The US overtaking Europe in productivity has fuelled fears that the EU is facing a ‘competitiveness crisis’, with policymakers calling for more public and private investment.
New data released on Friday showed that productivity in the eurozone fell by 1.2 per cent in the fourth quarter from a year earlier, while in the US it rose by 2.6 per cent over the same period, the Financial Times reported. Labour productivity growth in the US has been more than double that of the eurozone and the UK over the past two decades.
Bart van Ark, chief executive of the UK-based Productivity Institute, said: “In the long run, productivity growth in the US is expected to be higher than in Europe. Europe is not showing the same dynamism. This is widening the growth gap between the US and the EU,” said Bart van Ark.
Some economists argue that the US is growing faster than the eurozone partly because its population is younger, growing faster and working longer hours. But much of the output gap is due to the fact that people in the US produce more for every hour they work.
According to the FT, EU policymakers see this trend as deeply worrying and a reflection of a long-standing failure to catch up with US levels of private and public investment.
US worker productivity outperforms EU
Output per hour worked, a standard measure of labour productivity, has increased by more than 6 per cent in the US non-farm business sector since 2019, according to official data. This outpaces the eurozone and the UK, which grew by around 1 per cent over the same period.
In contrast to the ‘green’ stimulus in the US, the Eurozone has received less fiscal support from governments and has experienced a much larger rise in energy prices as a result of the war in Ukraine. The fragmentation of Europe’s financial markets, fiscal policy and regulation also makes it more vulnerable to external pressures than the US.
While there is no doubt that short-term factors have fuelled the US recovery, some economists say there is more to it. Gilles Moëc, chief economist at insurance company Axa, said: “Productivity in the eurozone has stalled. Now that the recovery has been going on for so long, we have to think about the possibility that something structural is going on,” said Gilles Moëc, chief economist at insurance company Axa.
Moëc estimates that if eurozone productivity continues to lag the US by the same amount, GDP growth will be one percentage point lower each year.
European Central Bank (ECB) executive board member Isabel Schnabel said last month that it was “more urgent than ever” for eurozone leaders to close the productivity gap with the US.
This is needed to tackle the “competitiveness crisis” as EU producers face higher energy prices and greater labour challenges than their American or Chinese counterparts, Schnabel said.

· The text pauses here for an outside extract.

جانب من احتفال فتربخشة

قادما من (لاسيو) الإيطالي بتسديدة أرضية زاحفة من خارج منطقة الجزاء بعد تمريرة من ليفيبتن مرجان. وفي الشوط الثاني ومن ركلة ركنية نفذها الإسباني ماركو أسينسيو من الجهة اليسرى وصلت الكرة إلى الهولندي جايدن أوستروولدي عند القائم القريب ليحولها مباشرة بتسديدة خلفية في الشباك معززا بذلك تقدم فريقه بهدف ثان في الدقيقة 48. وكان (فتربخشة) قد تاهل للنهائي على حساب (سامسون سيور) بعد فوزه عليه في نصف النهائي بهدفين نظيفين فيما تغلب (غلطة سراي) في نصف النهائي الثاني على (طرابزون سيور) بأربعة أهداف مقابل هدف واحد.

The ECB is also weighing when to cut record-high interest rates amid fears that falling productivity will increase labour costs for eurozone companies, raising the risk that inflation will remain high.
Schnabel said one of the main reasons for the eurozone’s weakness was its failure to capitalise on productivity gains from digital technologies, as the US did earlier. Schnabel said that promoting competition will be part of the solution, and called for faster and more effective implementation of the EU’s Next Generation Public Investment Programme.
Mario Draghi, the former head of the ECB, will report to the EU president later this year on more ambitious proposals to boost the EU’s competitiveness. Draghi is reported to have told the bloc’s finance ministers that they would need to find ‘enormous amounts of money, both public and private, in a relatively short period of time’ to boost investment to US levels.
EU decline is temporary, some economists say
However, not all economists are convinced that the recent US strength is evidence of a structural shift.
Erik Neilsen, chief economist at UniCredit, argues that the current weakness in the eurozone is a ‘statistical phenomenon’, as employers who struggled to hire in the post-credit upswing are now hoarding labour in the downturn. In his view, productivity could recover as the ECB’s tight policy squeezes demand until workers are eventually laid off.
Catherine Mann, an outside member of the Bank of England’s monetary policy committee, also told the FT last month that while US labour productivity figures look ‘very attractive’, they are driven by demand factors, notably a budget deficit of over 6%.
By contrast, demand is more subdued in the eurozone and the UK, where the economy entered a technical recession in the fourth quarter.
Claus Vistesen of Pantheon Macroeconomics said there were reasons to be optimistic about European productivity. “If we are indeed on the verge of a new technology-driven productivity boom centred on artificial intelligence and related services, it would be very pessimistic to assume that it will bypass the eurozone altogether,” Vistesen said.